Correlation between the Josephson coupling energy and the condensation energy in bilayer cuprate superconductors

Abstract

We review some previous studies concerning the intrabilayer Josephson plasmons and present ellipsometric data of the c-axis infrared response of almost optimally doped ${\mathrm{Bi}}_{2}{\mathrm{Sr}}_{2}{\mathrm{CaCu}}_{2}{\mathrm{O}}_{8}.$ The c-axis conductivity of this compound exhibits the same kind of anomalies as that of underdoped ${\mathrm{YBa}}_{2}{\mathrm{Cu}}_{3}{\mathrm{O}}_{7\ensuremath{-}\ensuremath{\delta}}.$ We analyze these anomalies in detail and show that they can be explained within a model involving the intrabilayer Josephson effect and variations of the electric field inside the unit cell. The Josephson coupling energies of different bilayer compounds obtained from the optical data are compared with the condensation energies and it is shown that there is a reasonable agreement between the values of the two quantities. We argue that the Josephson coupling energy, as determined by the frequency of the intrabilayer Josephson plasmon, represents a reasonable estimate of the change of the effective c-axis kinetic energy upon entering the superconducting state.
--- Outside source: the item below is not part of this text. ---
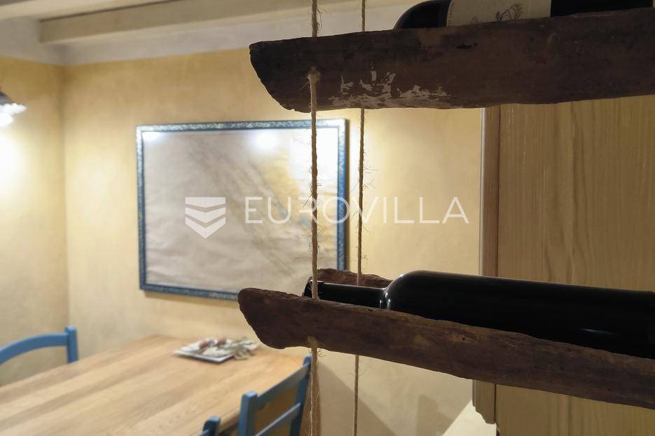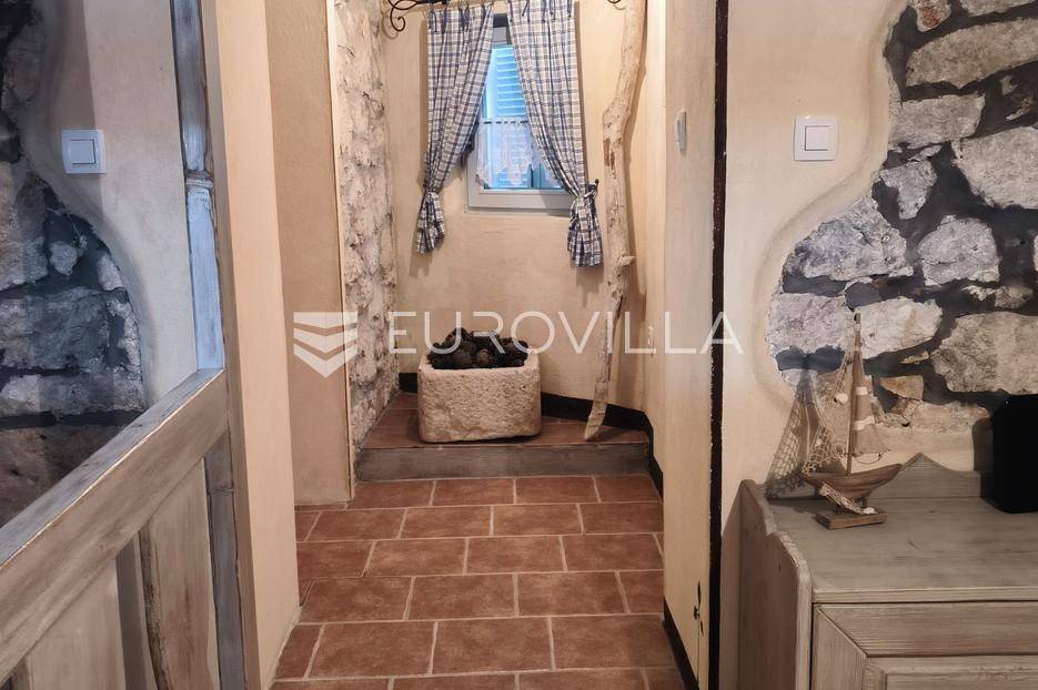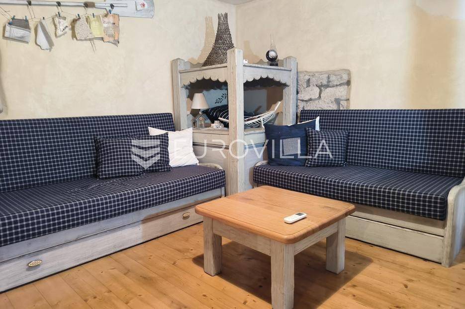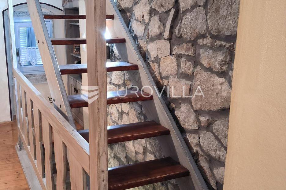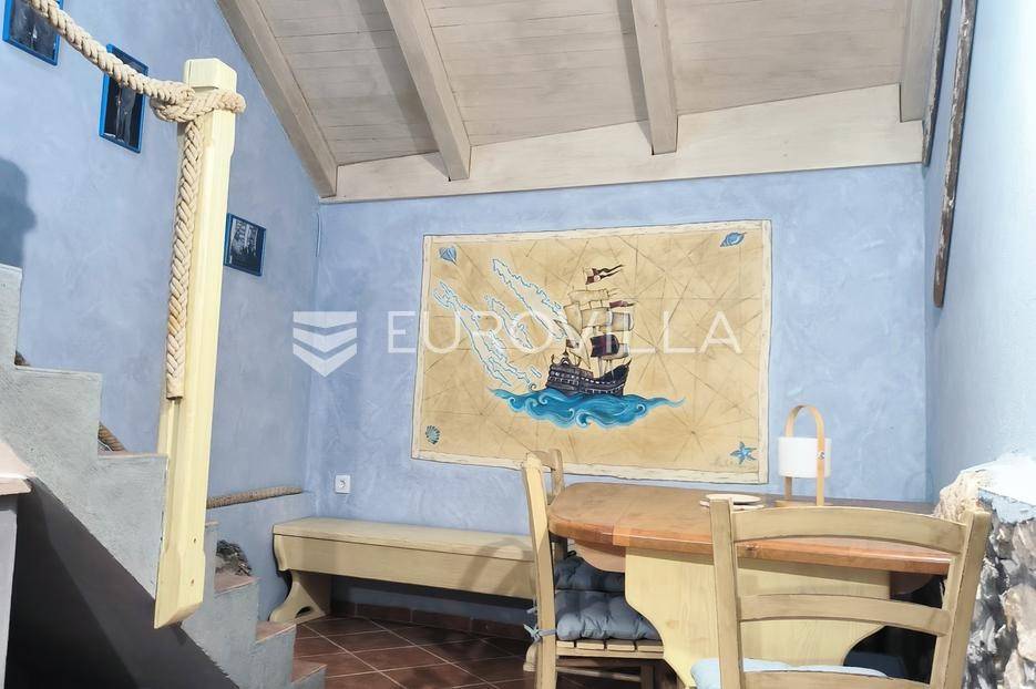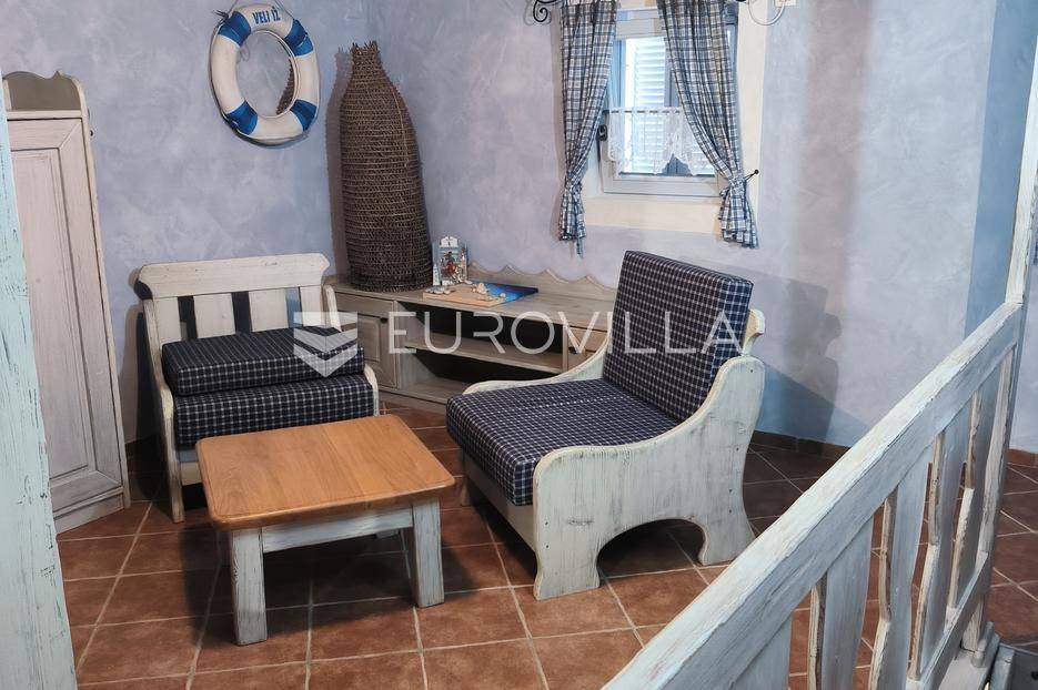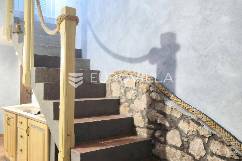 Otkrijte ovu autentičnu mediteransku kamenu kuću na Velom Ižu, smještenu samo 150 metara od mora i centra ovog malog dalmatinskog mjesta na bajkovitom otoku zadarskog arhipelaga, Ižu!Izgrađena sredinom prošlog stoljeća, ali u svojoj nedavnoj povijesti, nekoliko puta temeljito renovirana i restaurirana, od čega zadnji put, 2020., ova višeetažna kamena kuća u nizu zaista odiše dalmatinskim štihom i šarmom. Kuća se sastoji od ukupno 4 etaže te je ukupne neto površine, 94m2.Na prvoj etaži nalazi se zimska kuhinja s blagavaonicom te kupatilo. Potom se kamenim stubištem penjemo na drugu etažu gdje se nalazi prostrani dnevni boravak te spavaća soba. Treća etaža se sastoji od još jedne spavaće sobe te ljetne kuhinje s blagavaonicom i stubištem koje vodi na terasu, s koje se pruža pogled koji će zaista malo koga, ostaviti ravnodušnim.Sve prostorije su u potpunosti opremljene kvalitetnim namještajem te dizajnirane u skladu s lokacijom na kojoj se i nalaze. Prekrasna bijela kamena fasada debljine 70 do 100cm te krov su također renovirani. U skladu sa svime time, kuća ne zahtjeva nikakva dodatna ulaganja te je u potpunosti sprema za useljenje!Veli Iž je prekrasno otočno mjesto smješteno u zadarskom arhipelagu, između Dugog otoka i Ugljana. Poznat je po svojoj tradicionalnoj kamenoj arhitekturi, uskim ulicama i očuvanom mediteranskom duhu. Mještani se bave ribarstvom, turizmom i posebno maslinarstvom, a maslinovo ulje s Iža slovi kao jedno od najboljih u Dalmaciji. Veli Iž je idealno mjesto za sve koji traže mir, autentičnost i ljepotu dalmatinskog otočkog života i odmora.Ne propustite posjedovati ovaj prekrasan komadić Mediterana te nam se javite kako bismo vam dali više infomacija i dogovorili obilazak nekretnine

It is further explained that this is not the case for the estimate based on the use of the simplest ``tight-binding'' sum rule. We discuss possible interpretations of the remarkable agreement between the Josephson coupling energies and the condensation energies. The most plausible interpretation is that the interlayer tunneling of the Cooper pairs provides the dominant contribution to the condensation energy of the bilayer compounds; in other words that the condensation energy of these compounds can be accounted for by the interlayer tunneling theory. We suggest an extension of this theory, which may also explain the high values of ${T}_{c}$ in the single-layer compounds ${\mathrm{Tl}}_{2}{\mathrm{Ba}}_{2}{\mathrm{CuO}}_{6}$ and ${\mathrm{HgBa}}_{2}{\mathrm{CuO}}_{4},$ and we make several experimentally verifiable predictions.